Spring Boot with Spring Security and Keycloak only providing Anonymous Authentication Token

Question

so I followed a guide which set up Keycloak to secure my Spring Boot REST API with Spring Security. Previously, my application relied on a standard user details service to authenticate users. My code relies on being able to access the currently logged-in user's username. However, now that I switched to Keycloak, I only receive the username 'anonymousUser'.

How do I configure this correctly for the following code to return the preferred username:

public static String getCurrentUsername() {

return (String) SecurityContextHolder.getContext().getAuthentication().getPrincipal();

}

I tried to modify the configuration of the client and user on Keycloak, but even for example, adding roles has no effect. Spring Boot only returns the role of [ANONYMOUS_USER].

Answer 1

There is no chance you get any info about current user from AnonymousAuthenticationToken : this implementation of Authentication is put in security-context when the request was not successfully authorized (user could not be identified). This means that either:

• access token is missing from authorization header
• access token is invalid (expired, issued by wrong authorization-server, signature check failed, ...)
• resource-server is misconfigured (which is quite likely as you are writing about client configuration for a REST API which actually is a resource-server )

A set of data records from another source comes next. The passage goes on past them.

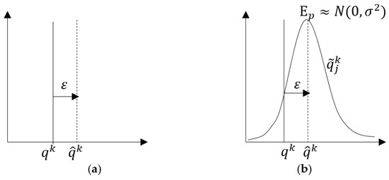 Schematic of single time-step streamflow forecast uncertainty: (a) DSF schematization; (b) PSF schematization. stands for observed inflow. stands for relative inflow forecasting error. stands for DSF member. stands for PSF member. stands for time index.
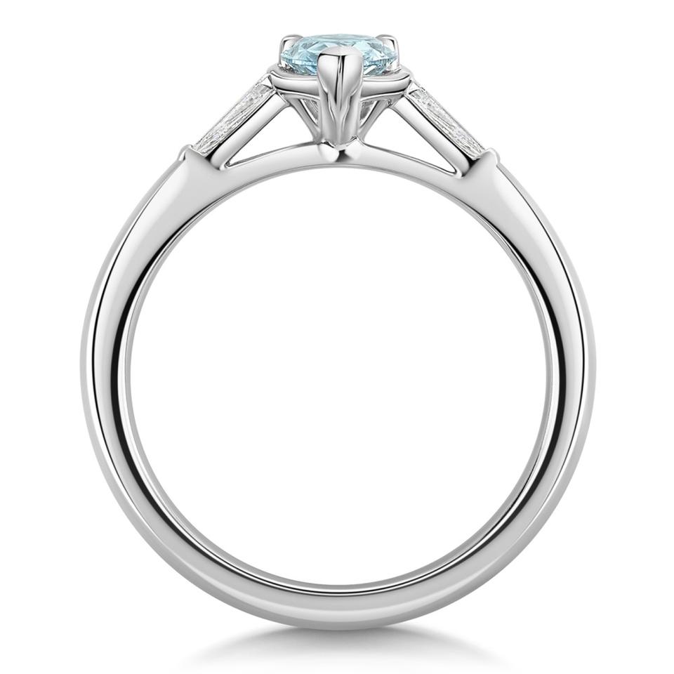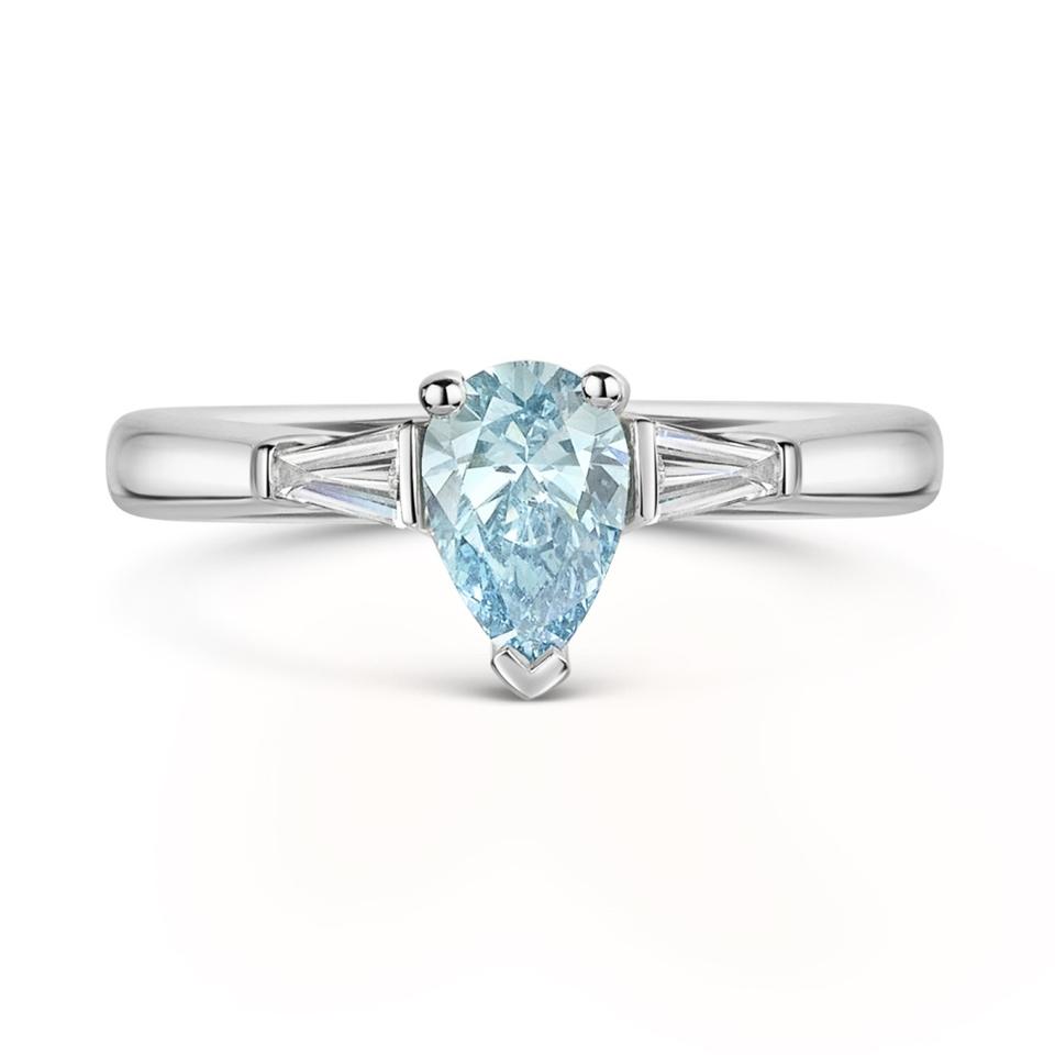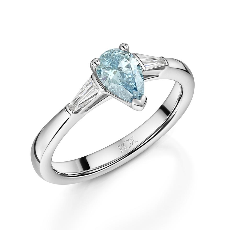 แหวนเพชรแล็บสีฟ้า ROX Pear พร้อมเพชรทรงบาแกตต์ Minded
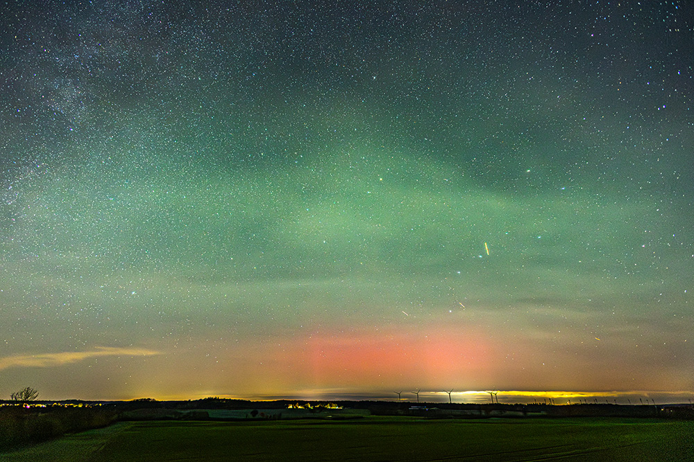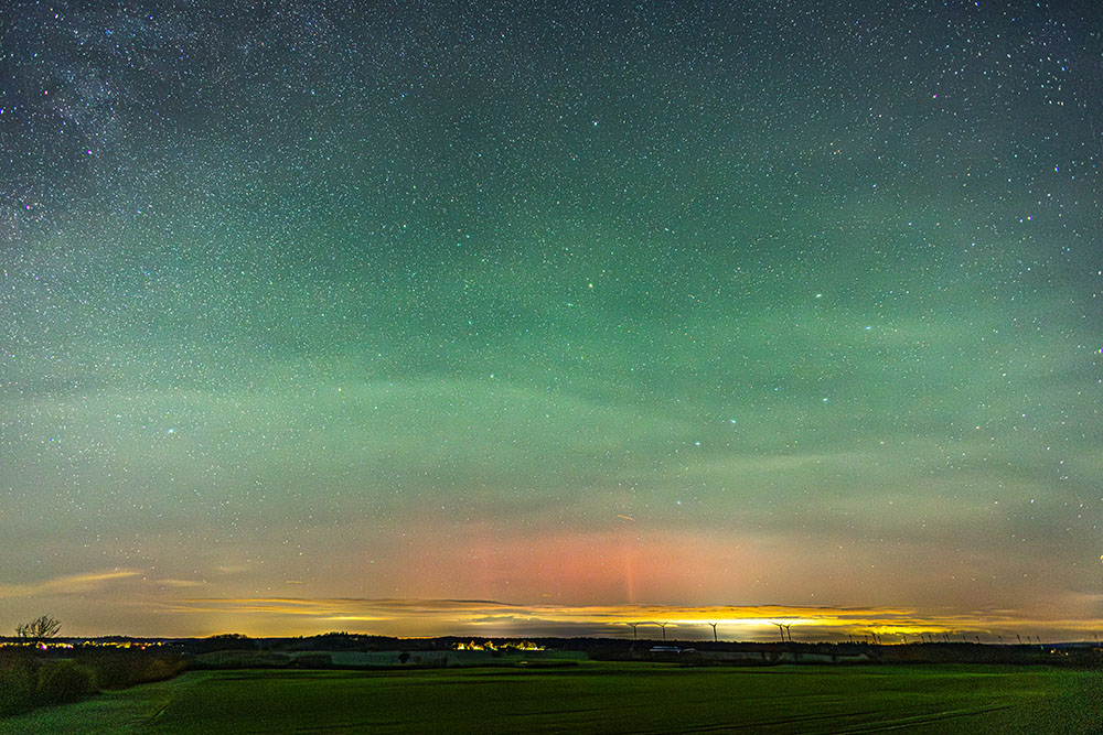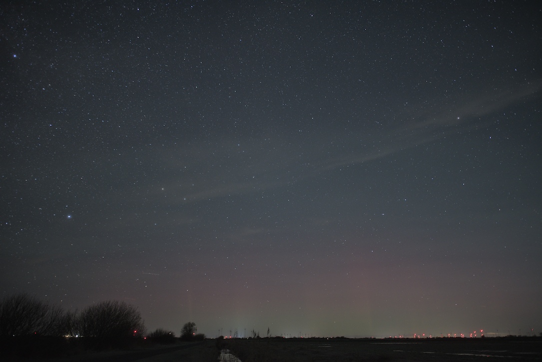 Das Polarlicht war auch schon von Beginn an als rötliches Glimmen vorhanden. Später gesellten sich dann Strahlen dazu. Das Polarlicht konnte ich im Gegensatz zum Airglow nicht visuell erkennen, sodass es "nur" ein fotografischer Nachweis war.
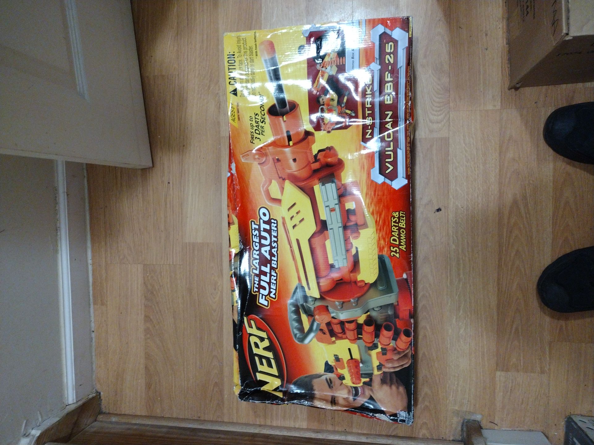 (New in box) Never used! Box is damaged but contents are in perfect condition!! Nerf N-Strike Vulcan EBF-25, an iconic electronic belt-fed blaster first released in Fall 2008. It was marketed as one of the largest and first fully automatic Nerf blasters, featuring a distinctive belt-fed system that can fire up to three darts per second. Key Features & Performance Dual Firing Modes: It offers both a battery-powered fully-automatic mode and a bolt-action single-fire mode for manual operation. Ammo System: It uses a 25-dart belt that auto-advances during firing. Multiple belts can be connected together to increase capacity, though the standard ammo box only fits one 25-round belt. Included Accessories: The original boxed set typically includes the blaster, a removable folding tripod, an ammo box, a 25-dart belt, and 25 Whistler Darts. Power Requirements: For automatic firing, it requires six "D" alkaline batteries (not included). Tactical Rails: It features three tactical rails (two on the sides, one on top) for mounting additional accessories like lights or sights.
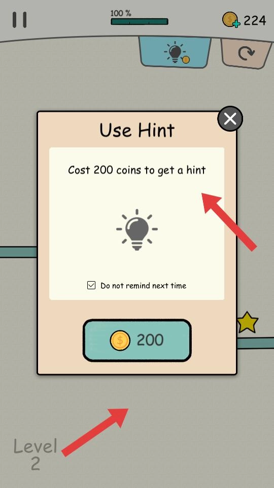 接着,在游戏进行过程中,要是碰到困难,就会弹出“Use Hint”的提示界面,该界面会显示消耗200金币就能得到提示,玩家可以点击消耗金币的按钮来获取提示。
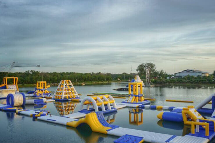 En plus d'un parc aquatique gonflable dans la mer, cette base de loisirs propose des activités originales adaptées à tous les âges. Les plus prisées sont le ski et le surf nautique (wakeboard), avec des équipements adaptés même aux plus jeunes.
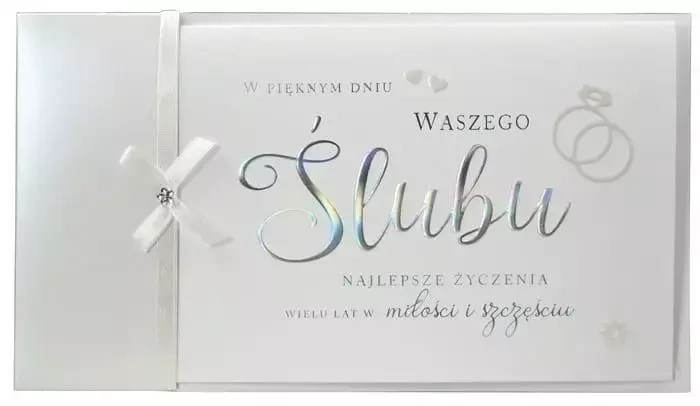 Ta niecodzienna, kwadratowa kartka wyróżnia się swoim nietypowym rozmiarem. Co więcej, zawiera liczne zdobienia, w tym dekoracje ze złotej folii oraz doklejane koraliki, które dodają jej unikalności i elegancji. Idealnie dopasowana koperta, dołączona do kompletu, jest dodatkowym atutem. Wnętrze kartki to już gotowe życzenia, czyniąc ten artykuł jeszcze bardziej praktycznym. Najlepsza propozycja na okazję taką jak ślub.EAN: 5901924451433
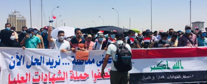 قوة أمنية تفض اعتصام حملة الشهادات العليا وسط بغداد

For basic info on how to configure Spring-boot 3 resource-server (and client) with Keycloak, see my answer to this question: Use Keycloak Spring Adapter with Spring Boot 3

Spring-security default Authentication for successful OAuth2 authorization in resource-servers is JwtAuthenticationToken which return a Jwt instance as principal . You can get any access-token claim from this Jwt instance. Here is a sample with preferred_username . Open an access-token in a tool like https://jwt.io to find the name of the claim with the username value you are looking for (it could be as well sub , email or any private claim you configured in Keycloak)

((Jwt) SecurityContextHolder.getContext().getAuthentication().getPrincipal()).getClaims().get(StandardClaimNames.PREFERRED_USERNAME);

If you want getPrincipal() to return the username instead of a Jwt instance, you'll have to provide your own Authentication implementation. You might use JwtAuthenticationToken as a base (but this not the best option, see the note below):

public class MyAuthentication extends JwtAuthenticationToken {
    public MyAuthentication(Jwt jwt, Collection<? extends GrantedAuthority> authorities) {
        super(jwt, authorities);
    }
    
    @Override
    public String getPrincipal() {
        return getToken().getClaimAsString(StandardClaimNames.PREFERRED_USERNAME);
    }   
}

Just adapt the Jwt2AuthenticationConverter from the answer I linked above

@Bean
public Jwt2AuthenticationConverter authenticationConverter(Jwt2AuthoritiesConverter authoritiesConverter) {
    return jwt -> new MyAuthentication(jwt, authoritiesConverter.convert(jwt));
}

Important note

You'd better use authentication.getName() instead of authentication.getPrincipal() to access username. principal is typed as Object in Authentication which makes your expressions very fragile: you can get absolutely any type of data as principal (depending on the type of authentication in the security context) and there are cases where you don't really control it (for instance with the AnonymousAuthenticationToken instance you currently have because of unauthorized request).

However, JwtAuthenticationToken::getName returns subject ( sub claim), so you'll still have to provide your own Authentication implementation for successful authorizations to return preferred_username in a new @Override of getName() . MyAuthentication would then be:

public class MyAuthentication extends JwtAuthenticationToken {
    public MyAuthentication(Jwt jwt, Collection<? extends GrantedAuthority> authorities) {
        super(jwt, authorities);
    }
    
    //Note that this time getName() is overriden instead of getPrincipal()
    @Override
    public String getName() {
        return getToken().getClaimAsString(StandardClaimNames.PREFERRED_USERNAME);
    }   
}

Use the same Jwt2AuthenticationConverter bean to switch from default JwtAuthenticationToken to MyAuthentication in case of successful request authorization.